▸ EXERCISE PROMPT
Lines from the one containing "비오틴은 모발의 주성분인" through the final line of the data, restated word for word and free of pictures, make up the whole answer.

** INFORMATION PROVIDED follows **

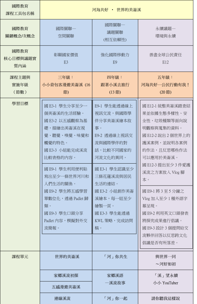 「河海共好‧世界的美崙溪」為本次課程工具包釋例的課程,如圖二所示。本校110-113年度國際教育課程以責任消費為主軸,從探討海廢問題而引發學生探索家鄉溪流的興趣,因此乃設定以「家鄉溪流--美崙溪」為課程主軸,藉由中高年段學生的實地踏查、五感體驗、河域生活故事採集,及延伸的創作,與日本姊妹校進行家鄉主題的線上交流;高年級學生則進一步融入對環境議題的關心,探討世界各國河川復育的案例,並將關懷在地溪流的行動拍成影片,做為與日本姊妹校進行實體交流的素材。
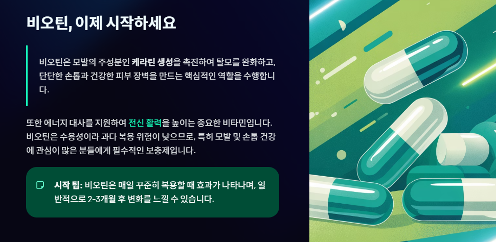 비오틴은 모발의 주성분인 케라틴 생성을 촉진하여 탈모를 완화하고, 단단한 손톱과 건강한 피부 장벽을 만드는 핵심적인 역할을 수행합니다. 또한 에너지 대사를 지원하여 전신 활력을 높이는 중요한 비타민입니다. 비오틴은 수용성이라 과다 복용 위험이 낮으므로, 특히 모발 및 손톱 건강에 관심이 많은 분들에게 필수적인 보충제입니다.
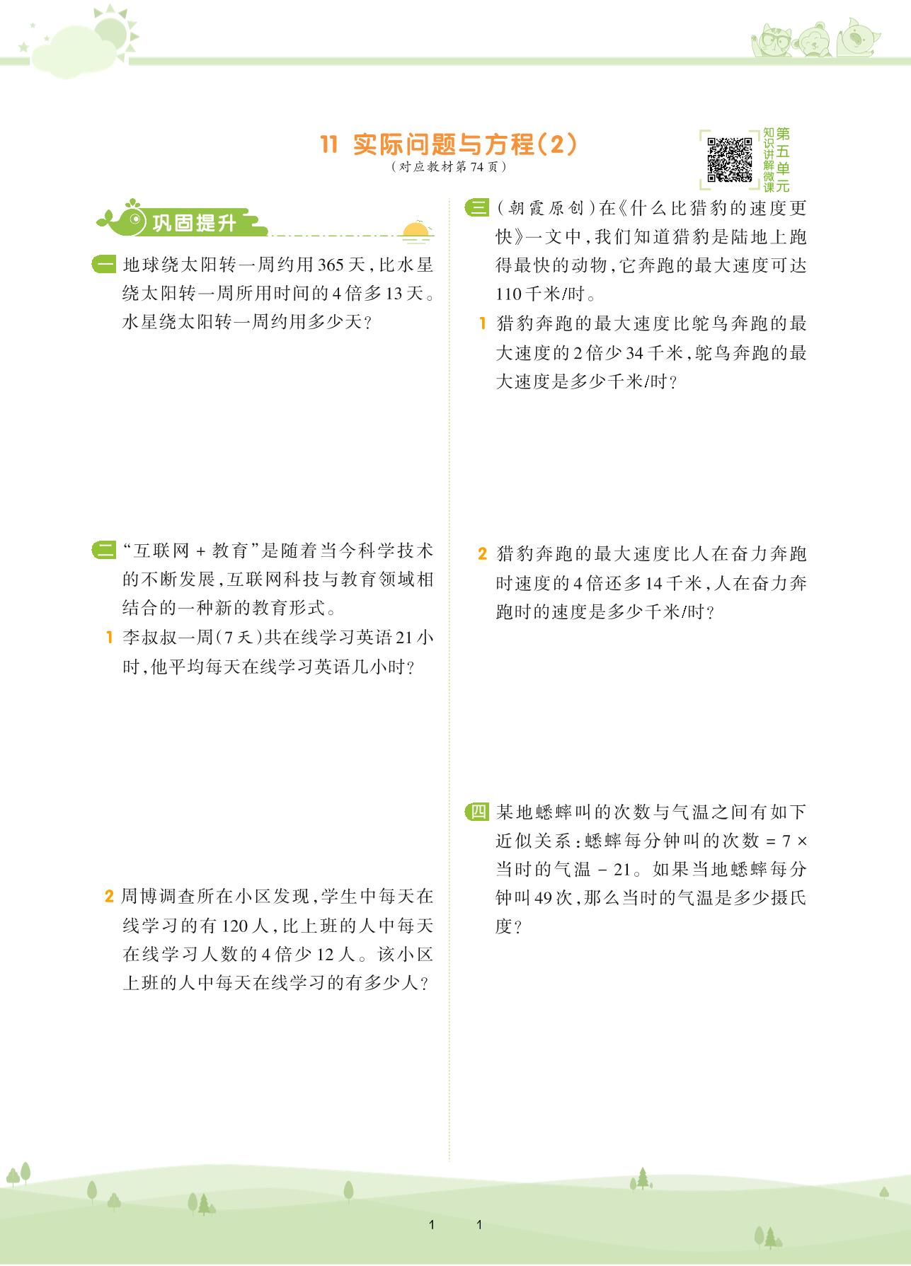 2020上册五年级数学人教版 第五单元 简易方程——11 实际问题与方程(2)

** End of INFORMATION PROVIDED **

▸ TASK RESPONSE
 비오틴은 모발의 주성분인 케라틴 생성을 촉진하여 탈모를 완화하고, 단단한 손톱과 건강한 피부 장벽을 만드는 핵심적인 역할을 수행합니다. 또한 에너지 대사를 지원하여 전신 활력을 높이는 중요한 비타민입니다. 비오틴은 수용성이라 과다 복용 위험이 낮으므로, 특히 모발 및 손톱 건강에 관심이 많은 분들에게 필수적인 보충제입니다.
 2020上册五年级数学人教版 第五单元 简易方程——11 实际问题与方程(2)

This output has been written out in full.